Because of this—the possibility that the phrase was not an accepted concept in the world outside of the preadolescent population in an Eastern slice of the foothills just outside of Sacramento, CA, before the turn of the century, a place that also, importantly, did not have access to reliable high speed internet just yet—I waited it out for a week or two, bluffing my sexual savvy. I quietly checked the medical texts but they yielded nothing, mostly covering the sinuses and muscle groupings, some issues of ocular function. The poetry was all metaphor and irony, turned the language around worse than the Middle Schoolers. Here and there I got the idea I was touching on something but then oceans were parting and flowers were blossoming and something in the ethers was descending down or up or sideways, and something profound was assumedly said that was lost on me. The homework—there was none given from sex-ed, and at any rate the answer was abstinence. Eat out as a concept did not die. Instead the phrase ballooned, became even more frequent and convoluted in use. Something of a cult following developed.

And so I called my aunt, one day, from the recesses of the darkest, smallest room in my grandparents house where I went after school every day, looking over both shoulders, whispering, covering the space between my mouth and the mouthpiece with my hand.

I said, What does it all mean?!

She is a good aunt. The youngest of the brood that laid claim to my mother, aside from one uncle, who, I always believe when I sense his seriousness, is the oldest. She would tell me what pop culture references to drop in conversation and that blue mascara was not as attractive as I was convinced it was, nor was blue nail polish, blue eyeliner, iridescent lipstick. About these things she said, Just Don’t. She bought me a series of CDs that my mother confiscated. Once, she wore pigtails to my birthday party.

She was at work. Cued by my tone she made sure I heard her shut the door and roll her desk chair around, prompting me to assume that she too was looking over shoulders and turned in a way that was secret and urgent, and she told me.

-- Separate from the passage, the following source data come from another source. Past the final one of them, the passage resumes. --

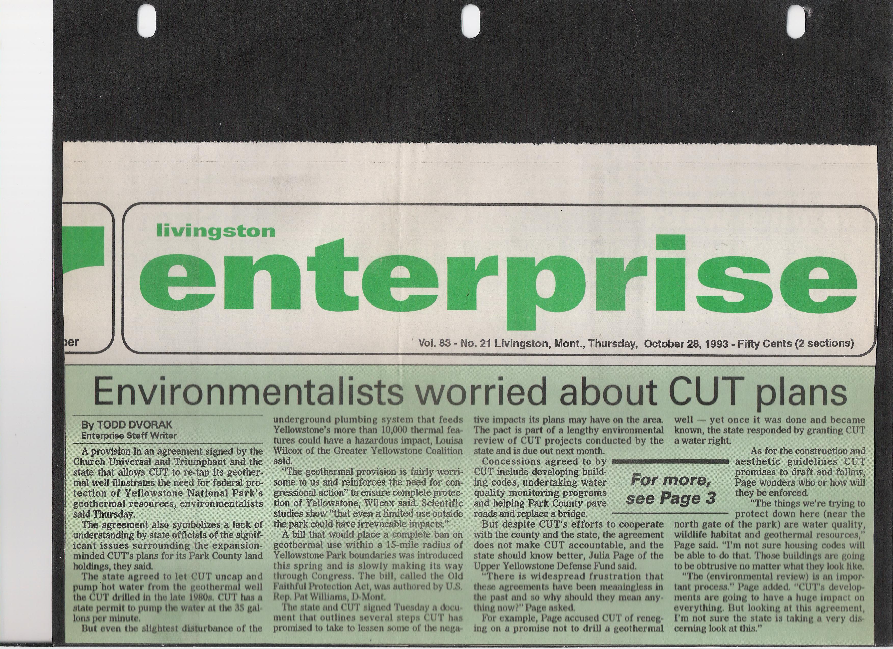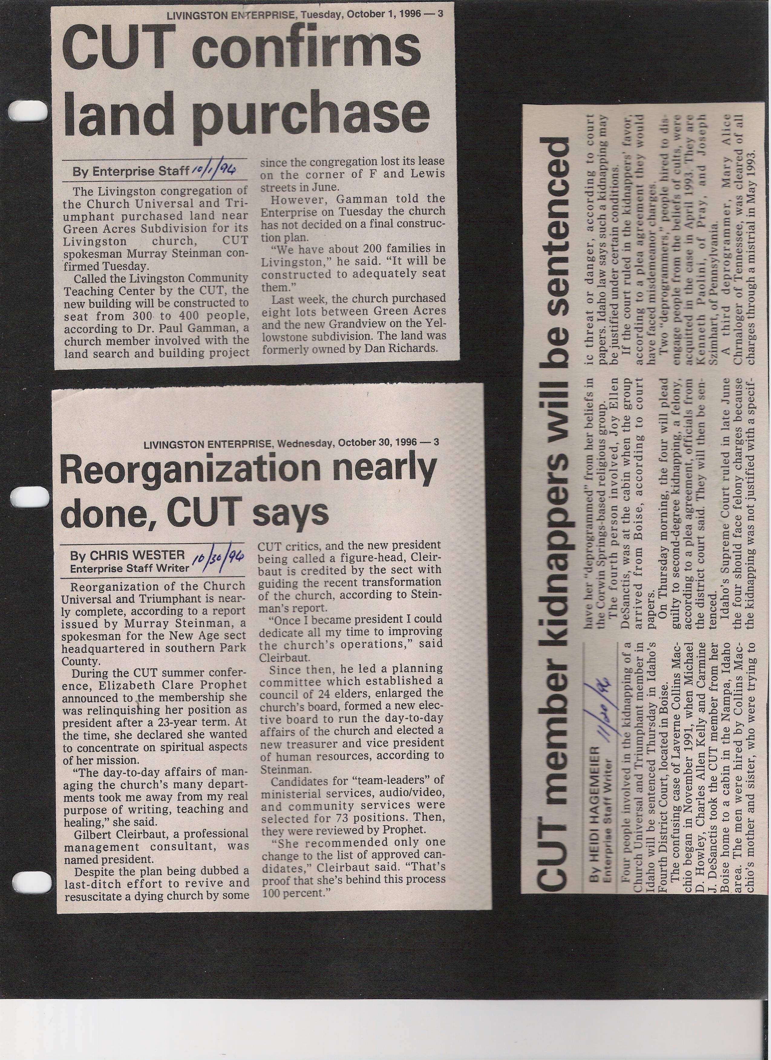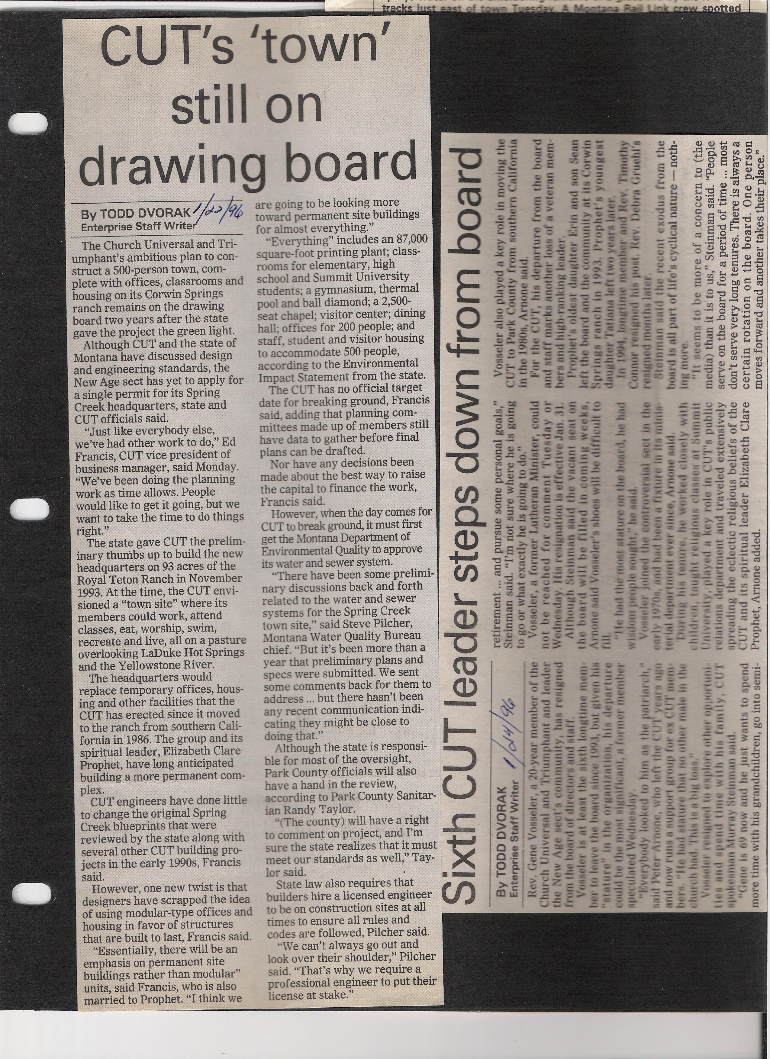 The following set of images are scans of newspaper articles related to the Church Universal and Triumphant. These articles were collected and assembled by Peter Arnone between 1992 and 1998. The primary sources are the Livingston Enterprise and the Bozeman Chronicle. There are also occasional articles from other papers, usually after the Church was involved in something that made the news on a national level.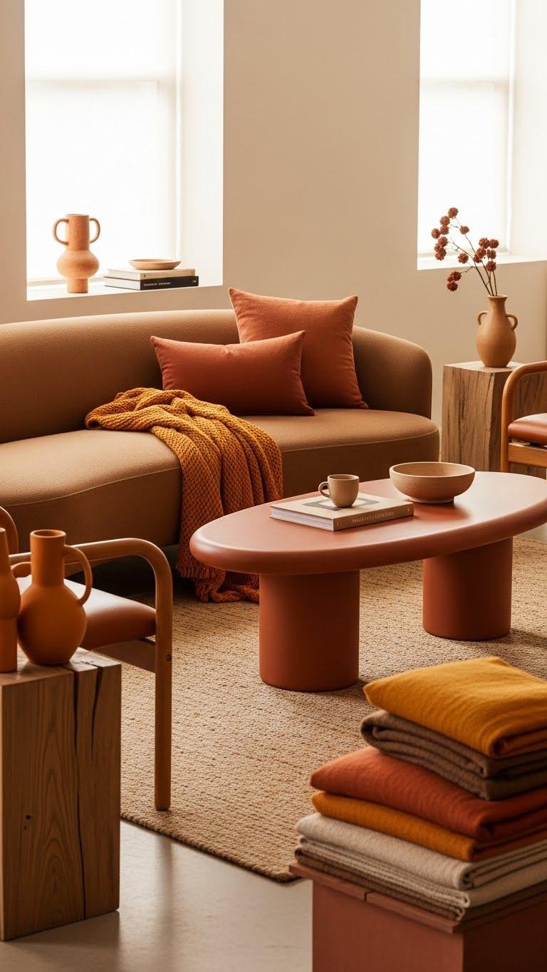 After you introduce rounded silhouettes, layer warm earth tones to root that softness—think terracotta, ochre, warm taupe, and sun-baked sienna against your curved sofa and pebble table.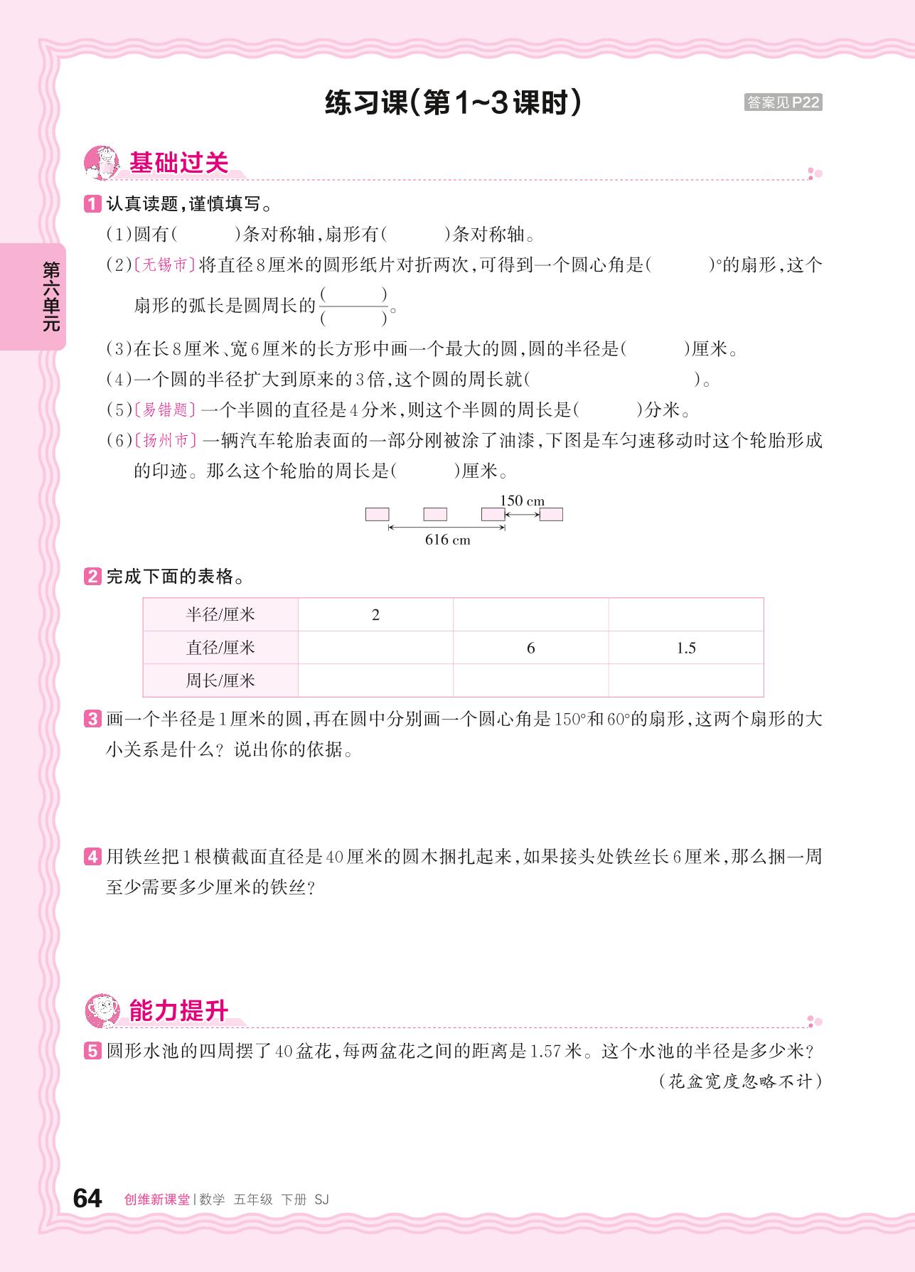 2024春下册五年级数学苏教版 第六单元 圆——圆的认识、扇形的初步认识、圆的周长练习课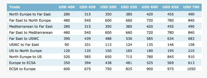 马士基部分航线在不同燃油价格(美元/吨)对应下的BAF(美元/FFE)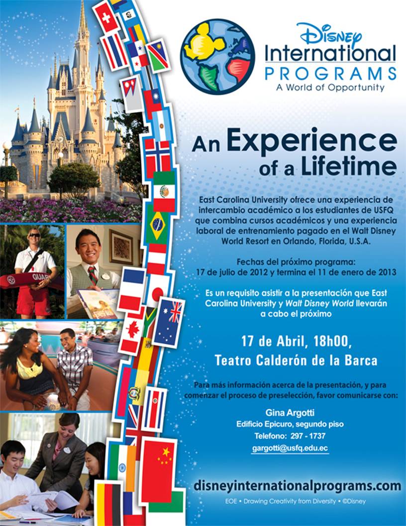 La East Carolina University y Disney International Programs te ofrecen una oportunidad única para ampliar tus horizontes profesional y académicamente. La Universidad San Francisco de Quito te invita a conocer más sobre este programa de intercambio.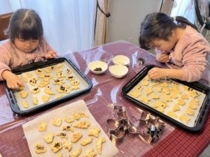 みぃちゃんは2回め。ちょっと余裕で、さーちゃんにアドバイスも。元気がいっぱい詰まったクッキーができました!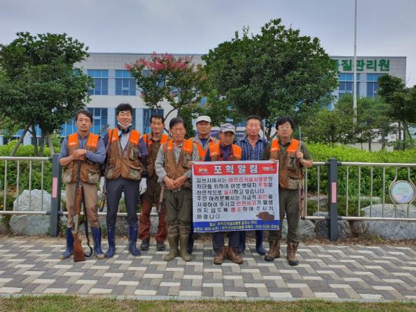 김천시에서 운영하고 있는 상시포획단은 총기소지면허와 수렵면허가 있는 모범엽사 총42명으로(기동포획단 6명, 상시포획단 36명) 4개 권역으로 나누어 포획활동을 하고 있다. 포획에 앞서 포획방향 및 안전사고 예방교육을 실시하고 포획활동 과정에서 발생할 수 있는 각종 총기 안전사고예방, 인가 및 가축사육 지역 주변 발포금지, 유해야생동물 상황별 행동요령과 야생동물 밀렵, 밀거래 단속 등의 내용을 숙지한 후 포획활동에 들어간다.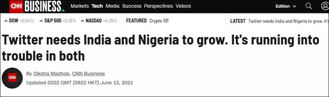 美国有线电视新闻网(CNN)6月13日撰文指出,推特的发展需要印度和尼日利亚,但该公司在两国都遇到了麻烦,一些人担心,既然尼日利亚已经表明不怕封禁推特,那么印度很可能就是下一个封禁推特的国家。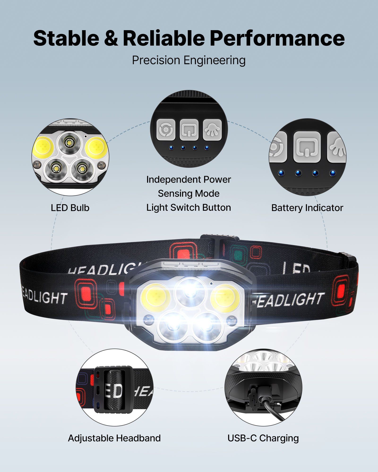 4.Smart Sensor Control: Integrated motion sensor technology allows you to turn the headlamp on/off or adjust brightness with a simple wave of your hand - no need to fumble with buttons in the dark.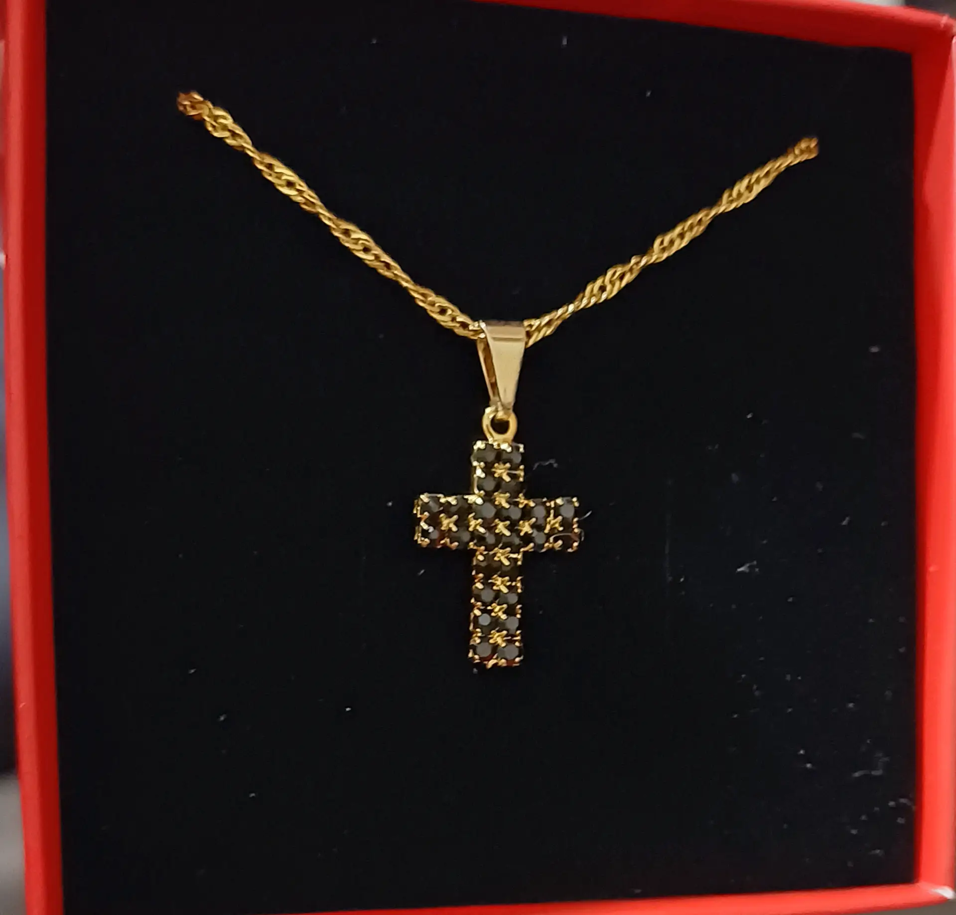 Colar veneziana com pingente cruz com zircônias preta pequena banhado a ouro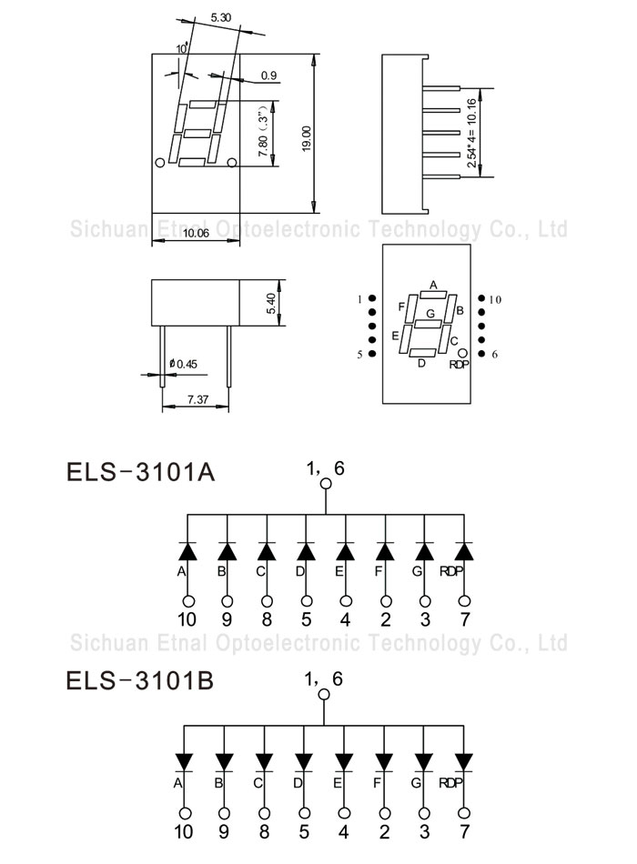 | ELS-3101BW | 0.3" 英寸 | 1位數(shù)碼管 | 共陽 | 白色 | 10-20 | 2.6-2.8 | / |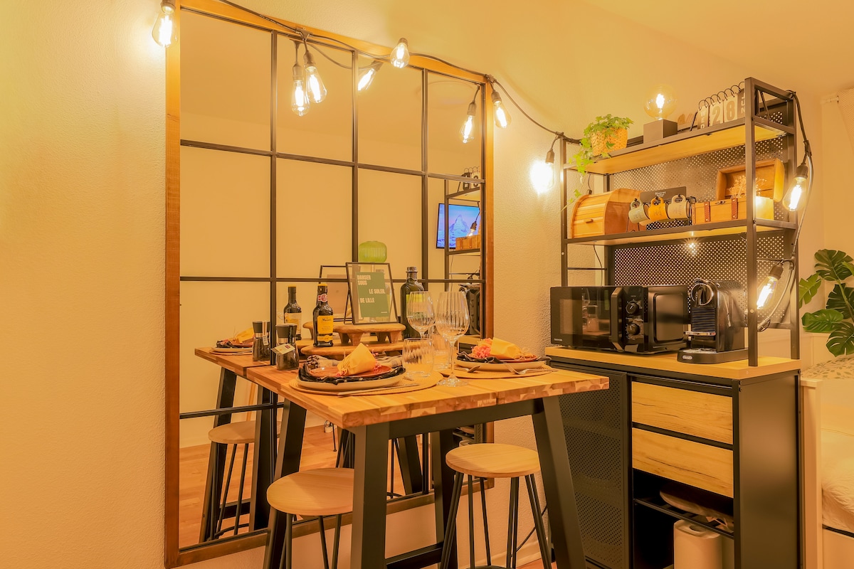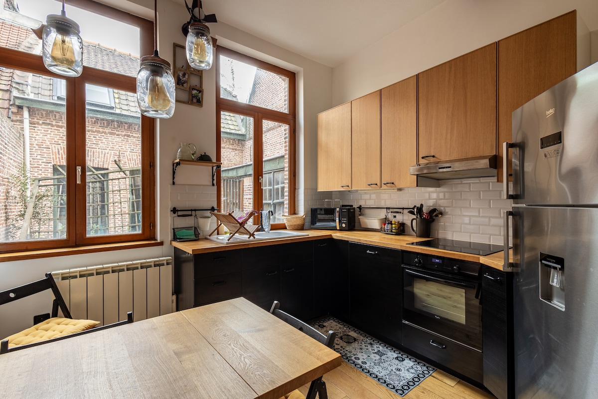 En charmig duplexlägenhet, smakfull inredning, mitt i hjärtat av Gamla Lille: - 10 minuters promenad från de 2 järnvägsstationerna Lille Flandres och Lille Europe - 10 minuters promenad från tunnelbanan Rihour eller tunnelbanan Lille Flandre - 5 minuters promenad från Grand-Place - 1,5 km (20 min promenad) från Zenith de Lille - 12 km från Grand Stade Pierre Mauroy i Villeneuve-d'Ascq (15 minuter med bil eller 40 minuter med tunnelbana) - 12 km från flygplatsen Lille-Lesquin Underjordisk parkering, V'Lille-cyklar, buss, ... allt finns i närheten.

The answer was disappointing at best.

It involved fewer of the body parts than I’d imagined it might. Then again I had also only in the months before discovered the notion of, and, immediately on the heels of that, the locale of the vagina, seated on the back of a bus bench (I was the one seated, not the vagina), surrounded by boys who thought they knew what they might do to one. I believed there were still other sexual organs to be discovered. Major ones. I thought there was at least one square shaped cavity in me whose orifice was very hidden indeed. This is what I assumed would be my box, but I was always too embarrassed to ask her more than one thing in a session, and too skittish to work up the nerve to make these calls often enough to keep up with the changing language of Middle School. Bodies that year were all wonder and magic.

It’s a shame sometimes that the mystery is gone.